O conceito é brilhante em tantos níveis. Vejamos. Você compra cartas, ou seja, eles criaram um modelo de cobrança que faz sentido, porque você recebe um objeto físico pelo seu dinheiro. O jogo virou um bom motivo pra você encontrar seus amigos ou mesmo conhecer um(a) estranho(a) na rua. E não é só, ao fazer isso, você está ajudando os caras a ganharem novos clientes. A pessoa vai chegar em casa, entrar no site e ficar intrigada com aquilo. Não tenho a menor idéia sobre a taxa de conversão dessas pessoas em jogadores. Mas se elas usarem o cartão já vai ser muito legal. As possibilidades são excitantes.

Quem vigia os.. Super-heróis (?!)

Existem heróis em nosso mundo. Eu vou ter que confessar que isso me passou completamente despercebido e que eu olhei, pensei e fiquei imaginando como esse negócio deve ser um viral. Só pode ser. Talvez parte de uma campanha de lançamento de Kick-Ass?

Vamos deixar meu cinismo de lado um pouquinho e olhar para o World Superhero Registry, com heróis em várias cidades combatendo o crime. E eles usam roupas que passam do limite do ridículo. Eu queria que isso fosse verdade, porque o mundo ia ser mais divertido. Mas daqui do meu quartinho minúsculo na Inglaterra, vendo o mundo pela telinha do meu Macbook, a coisa parece se misturar a notícias sobre a pandemia de gripe, os apuros do orçamento do primeiro ministro da Inglaterra e as confusões do primeiro de maio.
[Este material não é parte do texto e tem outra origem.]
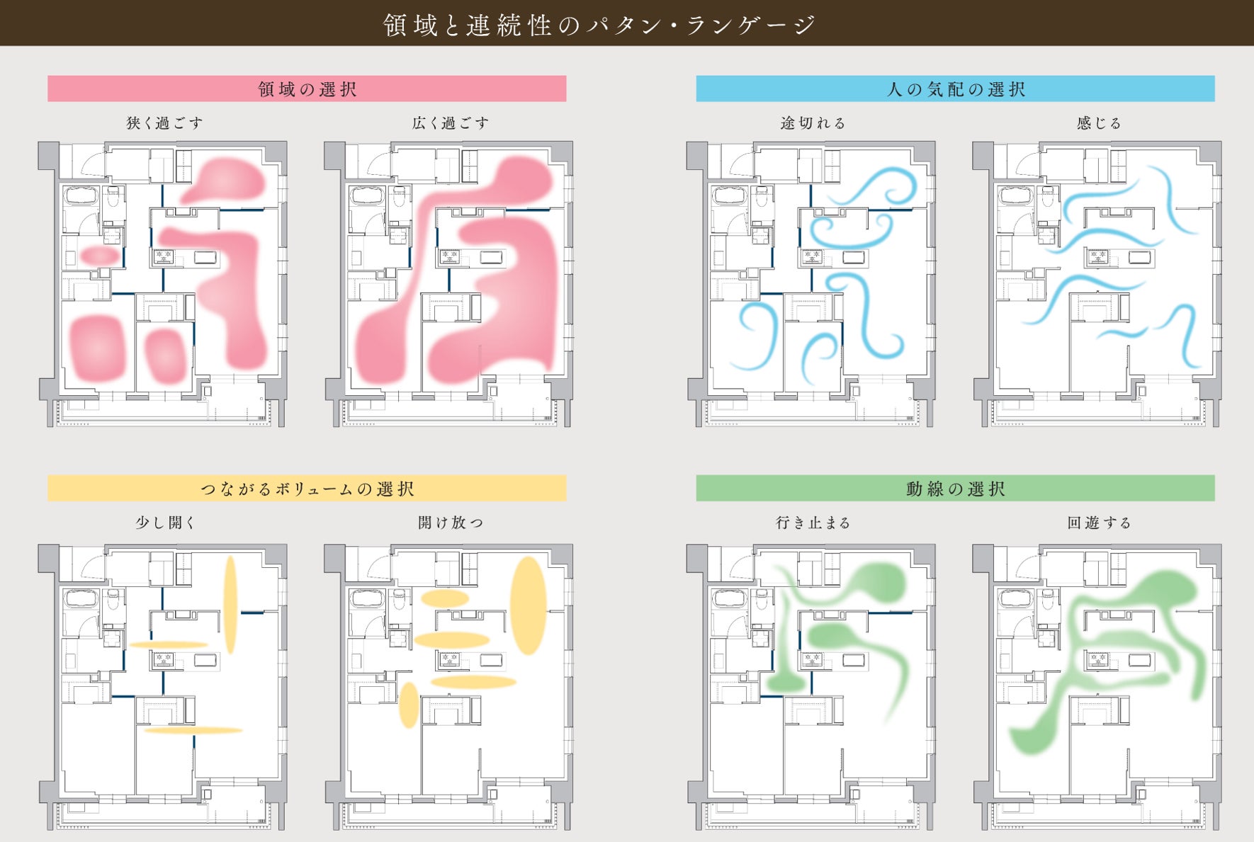従来の寝室やLDKという概念にとらわれず、住まい手が扉の開閉による領域や空間連続性、人との距離感・動線を自発的に選択し、多様な生活現象を生み出せる住戸ユニットを提案しました。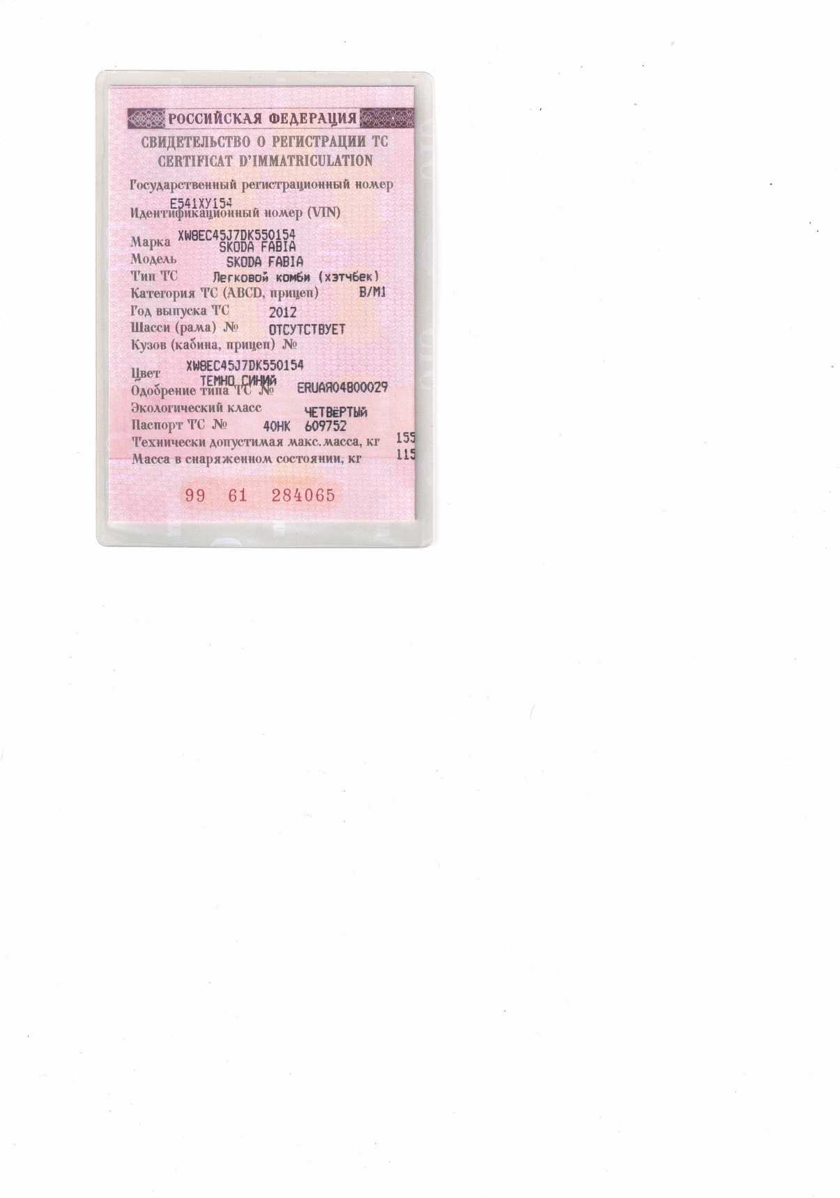 VIN номер XW8EC45J7DK550154

O mundo está ficando surreal. Se for verdade, porque, bom o que eu vou pensar de gente andando fantasiada como luchadores e patrulando as ruas. Se for viral… Dá no mesmo. O mundo pirou. E o pior é que, diamte da gripe e da crise econômica, essa notícia consegue me tirar um sorriso. Valeu. E tem mais…

Oh, dude!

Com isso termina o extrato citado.